Ensuite, nous avons flâné un peu dans le centre-ville. Il se compose principalement d'une grande rue commerçante, raison pour laquelle nous sommes arrivés tôt au nouveau camping. Nous avons passé le reste de la journée à laver des vêtements et du linge de lit. Une fois que le linge était sec sur la corde, plié et que le lit était refait, un important appel téléphonique était à venir. Les jours précédents, nous avions eu un contact par e-mail avec l'agence de voyage allemande qui s'occupe de nos vols. Il était temps de réserver un vol de retour. Au téléphone, la date a été fixée officiellement. Mi-octobre, nous quitterons la Nouvelle-Zélande et rentrons chez nous. - Même si le sentiment d'une date limite finale, qui jusqu'ici n'existait pas dans nos têtes, était inhabituel et que nous ne voulions pas l'accepter, nous avons encore beaucoup de temps pour mieux connaître le pays.

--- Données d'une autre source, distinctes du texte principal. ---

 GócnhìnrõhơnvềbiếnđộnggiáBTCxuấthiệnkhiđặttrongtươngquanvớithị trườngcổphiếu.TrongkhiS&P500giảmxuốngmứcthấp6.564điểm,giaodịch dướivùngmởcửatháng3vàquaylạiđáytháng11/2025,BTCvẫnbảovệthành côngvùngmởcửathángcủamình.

Dites et fait. Nous avons commencé la journée d'aujourd'hui de manière très motivée, prêts à continuer à voyager. La voiture, pleine pour le road trip à venir, pouvait partir. Nous avons conduit en direction du « Parc National Abel Tasman ». Ce tronçon de Nouvelle-Zélande attire avec ses baies isolées et ses plages de sable magnifiques. Nous avons trouvé précisément une de celles-ci à « Little Kaiteriteri ». La plage de sable était jaune, presque dorée, l'eau d'un bleu éclatant et l'emplacement magnifique. Tous les froids que nous avions ressentis le mois dernier étaient oubliés. Un short et un t-shirt étaient le bon choix vestimentaire sur cette plage de rêve. Nous avons déambulé le long de la plage et avons grimpé à l'extrémité gauche de la baie sur un petit point de vue. D'ici, nous avions une belle vue sur Little Kaiteriteri et le village voisin « Kaiteriteri ». Celui-ci possédait également une longue plage de sable. Les deux plages sont séparées par un grand rocher sur lequel nous nous trouvions à ce moment-là. Sur le chemin du retour vers la voiture, nous avons trouvé diverses coquilles intactes. Cet endroit magnifique restera gravé dans nos mémoires pendant très longtemps.

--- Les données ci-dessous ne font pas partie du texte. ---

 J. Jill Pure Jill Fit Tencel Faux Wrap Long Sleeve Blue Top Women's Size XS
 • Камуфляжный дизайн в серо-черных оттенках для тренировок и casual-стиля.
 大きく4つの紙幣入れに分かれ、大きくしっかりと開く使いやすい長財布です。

Après une courte promenade, nous sommes passés par un autre point de vue, qui offrait une belle vue sur les baies des deux localités. La Nouvelle-Zélande nous présentait un tout nouveau visage ! La région côtière diffère largement du reste du pays et invite à être explorée.
Ensuite, nous avons visité le motif à voir absolument dans la région. Après un trajet en voiture sinueux et une agréable promenade de dix minutes, nous avons atteint le « Split Apple Rock ». Pourquoi ce rocher porte-t-il ce nom, les images l'expliquent. Lorsque nous sommes arrivés à la plage, nous étions complètement seuls. Nous avons fouillé la section de plage à la recherche de la position photographique parfaite. Mais juste au moment où nous le trouvions, un groupe de kayakistes est venu se glisser dans le cadre. Nous avons patiemment attendu que la joyeuse communauté de pagayeurs poursuive son excursion.
En début de soirée, nous avons atteint la porte d'entrée du Parc National Abel Tasman - « Marahau ». Nous avons garé la voiture à l'emplacement assigné et avons profité de la vue sur la mer après une journée merveilleuse.